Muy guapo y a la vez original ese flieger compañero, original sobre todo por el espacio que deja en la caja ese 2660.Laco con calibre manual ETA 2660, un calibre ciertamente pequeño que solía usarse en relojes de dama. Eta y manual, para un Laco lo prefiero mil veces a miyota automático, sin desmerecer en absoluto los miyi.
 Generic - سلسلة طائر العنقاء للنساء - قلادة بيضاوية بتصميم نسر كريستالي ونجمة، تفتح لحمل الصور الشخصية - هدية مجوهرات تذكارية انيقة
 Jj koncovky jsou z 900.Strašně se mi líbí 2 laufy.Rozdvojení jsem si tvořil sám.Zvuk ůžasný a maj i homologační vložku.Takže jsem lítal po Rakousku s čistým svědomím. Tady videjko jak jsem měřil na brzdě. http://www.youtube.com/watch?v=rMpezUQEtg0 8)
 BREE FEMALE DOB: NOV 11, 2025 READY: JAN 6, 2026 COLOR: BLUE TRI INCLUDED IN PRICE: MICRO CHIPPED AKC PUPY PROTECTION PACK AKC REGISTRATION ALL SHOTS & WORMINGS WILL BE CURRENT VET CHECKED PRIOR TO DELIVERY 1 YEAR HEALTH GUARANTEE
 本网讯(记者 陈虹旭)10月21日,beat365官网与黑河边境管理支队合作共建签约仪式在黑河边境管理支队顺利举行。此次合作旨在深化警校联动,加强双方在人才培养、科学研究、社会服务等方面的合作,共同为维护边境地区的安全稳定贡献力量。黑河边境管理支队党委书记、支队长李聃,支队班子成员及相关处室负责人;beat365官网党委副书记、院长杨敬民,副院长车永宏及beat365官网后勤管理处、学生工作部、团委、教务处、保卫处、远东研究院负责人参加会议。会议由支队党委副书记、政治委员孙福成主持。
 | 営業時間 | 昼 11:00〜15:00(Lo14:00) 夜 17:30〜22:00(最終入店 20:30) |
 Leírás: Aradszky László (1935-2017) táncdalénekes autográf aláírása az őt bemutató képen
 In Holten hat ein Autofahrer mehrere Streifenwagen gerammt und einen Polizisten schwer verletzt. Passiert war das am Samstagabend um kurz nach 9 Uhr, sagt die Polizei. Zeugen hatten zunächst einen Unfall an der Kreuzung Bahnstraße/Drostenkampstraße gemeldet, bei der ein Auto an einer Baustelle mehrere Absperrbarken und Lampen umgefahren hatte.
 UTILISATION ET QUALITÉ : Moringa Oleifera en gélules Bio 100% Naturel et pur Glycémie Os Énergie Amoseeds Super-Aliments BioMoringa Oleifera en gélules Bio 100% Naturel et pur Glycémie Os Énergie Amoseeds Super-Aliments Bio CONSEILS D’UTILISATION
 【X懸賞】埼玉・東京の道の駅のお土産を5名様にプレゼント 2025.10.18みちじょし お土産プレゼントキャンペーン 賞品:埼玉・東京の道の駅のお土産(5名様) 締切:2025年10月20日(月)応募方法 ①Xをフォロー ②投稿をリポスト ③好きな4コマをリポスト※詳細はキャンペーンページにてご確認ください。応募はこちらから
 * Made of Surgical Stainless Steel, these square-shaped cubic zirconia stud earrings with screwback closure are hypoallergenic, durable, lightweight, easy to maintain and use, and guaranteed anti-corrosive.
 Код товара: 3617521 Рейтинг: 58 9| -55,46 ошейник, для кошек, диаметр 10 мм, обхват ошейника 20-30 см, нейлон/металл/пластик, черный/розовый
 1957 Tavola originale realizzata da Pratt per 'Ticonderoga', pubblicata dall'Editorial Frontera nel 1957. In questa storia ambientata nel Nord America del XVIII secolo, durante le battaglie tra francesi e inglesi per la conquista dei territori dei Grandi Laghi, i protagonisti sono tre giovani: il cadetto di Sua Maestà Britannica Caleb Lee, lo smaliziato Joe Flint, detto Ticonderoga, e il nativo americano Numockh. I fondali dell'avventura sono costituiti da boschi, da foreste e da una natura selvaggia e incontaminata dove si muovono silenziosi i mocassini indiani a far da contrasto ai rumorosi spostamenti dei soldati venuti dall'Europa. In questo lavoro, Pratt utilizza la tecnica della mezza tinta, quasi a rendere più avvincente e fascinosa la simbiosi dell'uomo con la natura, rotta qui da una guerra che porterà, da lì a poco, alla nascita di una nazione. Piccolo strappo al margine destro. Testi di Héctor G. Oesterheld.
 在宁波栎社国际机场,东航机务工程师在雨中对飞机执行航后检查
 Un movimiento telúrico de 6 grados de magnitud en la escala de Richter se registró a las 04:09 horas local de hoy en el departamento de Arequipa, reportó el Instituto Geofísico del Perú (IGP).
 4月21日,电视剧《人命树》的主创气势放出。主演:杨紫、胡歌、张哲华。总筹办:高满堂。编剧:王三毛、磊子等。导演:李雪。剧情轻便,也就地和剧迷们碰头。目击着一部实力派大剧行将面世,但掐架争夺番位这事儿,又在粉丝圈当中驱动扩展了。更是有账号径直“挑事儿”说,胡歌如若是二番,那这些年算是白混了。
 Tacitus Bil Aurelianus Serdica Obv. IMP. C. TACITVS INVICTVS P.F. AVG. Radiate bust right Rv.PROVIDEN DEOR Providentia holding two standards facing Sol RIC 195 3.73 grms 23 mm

····················

[Goal of the exercise] Copy verbatim, from the listing above, each line from the one containing "and guaranteed anti-corrosive." down to the one containing "1957 Tavola originale", inclusive.

[Solution to this task]
 * Made of Surgical Stainless Steel, these square-shaped cubic zirconia stud earrings with screwback closure are hypoallergenic, durable, lightweight, easy to maintain and use, and guaranteed anti-corrosive.
 Код товара: 3617521 Рейтинг: 58 9| -55,46 ошейник, для кошек, диаметр 10 мм, обхват ошейника 20-30 см, нейлон/металл/пластик, черный/розовый
 1957 Tavola originale realizzata da Pratt per 'Ticonderoga', pubblicata dall'Editorial Frontera nel 1957. In questa storia ambientata nel Nord America del XVIII secolo, durante le battaglie tra francesi e inglesi per la conquista dei territori dei Grandi Laghi, i protagonisti sono tre giovani: il cadetto di Sua Maestà Britannica Caleb Lee, lo smaliziato Joe Flint, detto Ticonderoga, e il nativo americano Numockh. I fondali dell'avventura sono costituiti da boschi, da foreste e da una natura selvaggia e incontaminata dove si muovono silenziosi i mocassini indiani a far da contrasto ai rumorosi spostamenti dei soldati venuti dall'Europa. In questo lavoro, Pratt utilizza la tecnica della mezza tinta, quasi a rendere più avvincente e fascinosa la simbiosi dell'uomo con la natura, rotta qui da una guerra che porterà, da lì a poco, alla nascita di una nazione. Piccolo strappo al margine destro. Testi di Héctor G. Oesterheld.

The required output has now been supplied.